Sri Aurobindo saw at this point that the transformation of the earth presupposed one other condition. He saw the Golden Light of the supramental world when he left the blue light of the  overmind. If the Golden Light were to remain on earth forever after the descent, it would require about ten yogis who had realised Supermind fully. At the time of Sri Aurobindo's realisation that condition remained unfulfilled. Even if the power of Supermind descended through the siddhi of Sri Aurobindo, the light could not remain on earth. Sri Aurobindo needed another ten accomplished yogis. They were not there. He spoke to Mother and said one of them had to leave the earth and continue the yoga from the subtle plane to expedite the ADVENT. Mother offered to go. He showed her the unique constitution of her body which alone could accomplish the transformation at the physical level. He decided to withdraw and continue his work from the subtle plane.

In 1956, Sri Aurobindo's work from the subtle plane bore fruit. In 1950, he had offered his own body to the descending supramental light as a fit receptacle. At the time he left his body, the Golden Light invaded it and remained there for three full days. All the other yogic powers he had gathered, he deposited in Mother before he withdrew from his body. In six years, Sri Aurobindo's work prepared the Earth Consciousness as a whole to receive the supramental force, power and light. During the meditation in the playground on February 29, 1956, Mother saw Her subtle body enlarging to the size of the universe and becoming golden. Before her appeared a massive golden door and beside her was an equally massive golden hammer. With one blow Mother smashed the door, the curtain between earth and the golden supramental heavens. Floods of living light of golden colour poured down onto earth. Earth realised the Supermind. Instantaneously, the tamas, the inertia of the earth rose up in equally great floods and swallowed up the descending Grace. Following this great event, Divine Love descended on earth in 1962. The Supramental force advanced in 1967 by manifesting itself in the earth consciousness. Again on January 1st, 1969 the force further evolved and became superman consciousness and appeared before The Mother. Mother says that since its advent in 1956, the force is effectively determining the course of earthly events. The diffusion of the Cuban crisis and the inexplicable withdrawal of the Chinese from the Indian border took place because of the presence of this force. She also says children born after 1962 have greater receptivity to this force.

Sri Aurobindo received a visitor in Pondicherry who introduced himself as a lawyer from Madras that had been asked by Chittaranjan Das of Calcutta to meet Sri Aurobindo.

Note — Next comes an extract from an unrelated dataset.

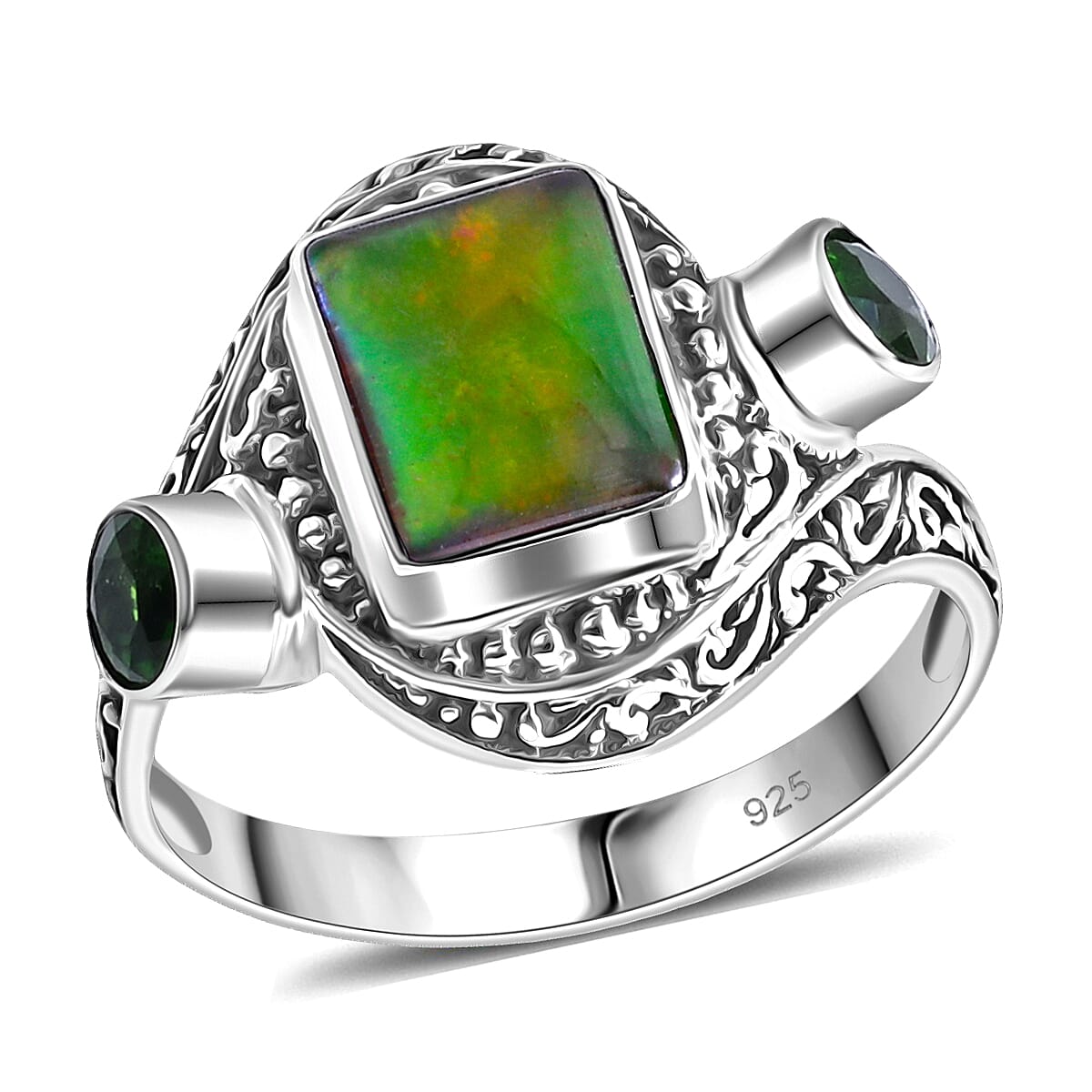 Bali Legacy Canadian Ammolite and Chrome Diopside 0.70 ctw Ring in Sterling Silver (Size 5.0)

He was the great nationalist S. Duraiswamy Aiyer, a friend of Mahatma Gandhiji. There was nothing to be transacted and Sri Aurobindo wondered why Duraiswamy had called on him. But Duraiswamy repeated his call after some time, this time ostensibly to consult Sri Aurobindo on legal matters. Saying he was no lawyer, Sri Aurobindo declined to evince interest in the consultation. On the insistence of the visitor Sri Aurobindo agreed to listen. The lawyer opened his file and Sri Aurobindo put his finger on some point and said that would be helpful. Duraisamy explained that it was an important case and the client had promised a lakh of rupees in fees should he win. During his next visit, Duraiswamy explained how he won the case on the strength of Sri Aurobindo's advice and offered him the lakh of rupees fees he had received. Sri Aurobindo said he had no use for money and refused to accept it. Duraiswamy's feeling was that the fees should go to Sri Aurobindo as the case had been won on the strength of his advice. The lawyer was not one who could accept a 'NO' even from Sri Aurobindo. With the insistent visitor unwilling to take a 'NO', Sri Aurobindo called Mother and asked for her opinion. As a compromise she agreed to accept Rs.10,000.

Later Sri Duraiswamy joined the Ashram as a sadhak. Mother said he had been a French King in one of his previous births. It is an unspoken tradition in Pondicherry from the days of the colonial regime that the rulers of the settlement kept close contact with the Ashram. Almost all the Governors had met Mother. A speaker of the Goa Assembly was once posted as Governor here. Contrary to the tradition, he maintained little contact with the Ashram. After a year or two, he broke his habit and started visiting the samadhi of Sri Aurobindo regularly on Sundays punctually at 10 a.m. The Governor's sudden change of mind intrigued observers. His own friends sought an explanation from him. He said Sri Aurobindo had appeared in his dream once and since then he had changed his mind.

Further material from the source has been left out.